Monsieur le rapporteur, s’agissant de l’obligation d’affiliation au RSI de personnes qui louent leur bien, mais qui sont déjà fonctionnaires ou plus généralement qui cotisent déjà par ailleurs, voire qui sont retraitées, le Gouvernement ne nous a toujours pas apporté de réponse.

M. Gérard Bapt, rapporteur pour les recettes et l’équilibre général. Dès lors que l’on considère qu’une activité devient professionnelle au-delà d’un certain seuil de revenus, perçus en tant que travailleur indépendant, il est normal que les cotisations soient versées au RSI.

La Commission rejette le sous-amendement AS126.

M. Dominique Tian. Le sous-amendement AS127 propose de faire varier le seuil de revenus en fonction de l’activité considérée ; les seuils seraient fixés par un décret en Conseil d’État.

M. Gérard Bapt, rapporteur pour les recettes et l’équilibre général. Vous dessaisissez le Parlement !

M. Dominique Tian. Quand la situation est complexe, le décret en Conseil d’État apporte de la souplesse.
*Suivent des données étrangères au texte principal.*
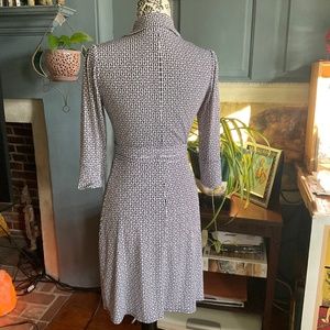 Excellent condition wrap dress in nay and white abstract design. Size is XS. See photos for details and measurements. Be sure to ask any questions prior to purchase. Thank you 😊

Je ne suis pas le seul à le dire.

La Commission rejette le sous-amendement AS127 puis le sous-amendement AS128.

M. Dominique Tian. Le sous-amendement AS129 vise à dispenser de l’obligation d’affiliation au RSI les personnes ayant un emploi, ou bénéficiant d’une couverture de santé en tant qu’ayants droit, pour lesquelles la location de locaux d’habitation meublés est une activité secondaire. Elles ne pourraient de toute façon profiter des prestations sociales associées. On ne peut pas cotiser sans avoir le droit d’être secouru : c’est le principe même de la sécurité sociale !

M. Gérard Bapt, rapporteur pour les recettes et l’équilibre général. Il ne me paraît pas illogique d’affilier au RSI des activités manifestement indépendantes, comme la location de biens par des particuliers. Le cas des pluriactifs devrait pouvoir être réglé par les dispositions de droit commun, qui autorisent dans certains cas l’affiliation unique.

Je vous propose de retirer votre sous-amendement : nous pouvons interroger ensemble le Gouvernement sur les évolutions possibles, et notamment sur l’adaptation de l’affiliation aux cas de pluriactivité.

M. Jean-Pierre Door. Nous avons déjà posé la question au Gouvernement en première lecture, monsieur le rapporteur. Il ne nous a pas répondu. Nous nous retrouvons régulièrement dans une impasse réglementaire.

M. Gérard Bapt, rapporteur pour les recettes et l’équilibre général. Si nous n’avons pas la réponse d’ici à lundi prochain, je poserai moi-même la question au Gouvernement en séance publique.

La Commission rejette le sous-amendement AS129 puis le sous-amendement AS130.

Après que Mme Bernadette Laclais a confirmé que ses amendements AS87, AS90, AS58, AS59 et AS48 étaient retirés, la Commission adopte l’amendement AS13 de M. Bapt, rapporteur pour les recettes et l’équilibre général.

En conséquence, l’article 10 est ainsi rédigé et l’amendement AS21 de M. Arnaud Viala, rapporteur pour les accidents du travail et les maladies professionnelles (AT-MP), tombe.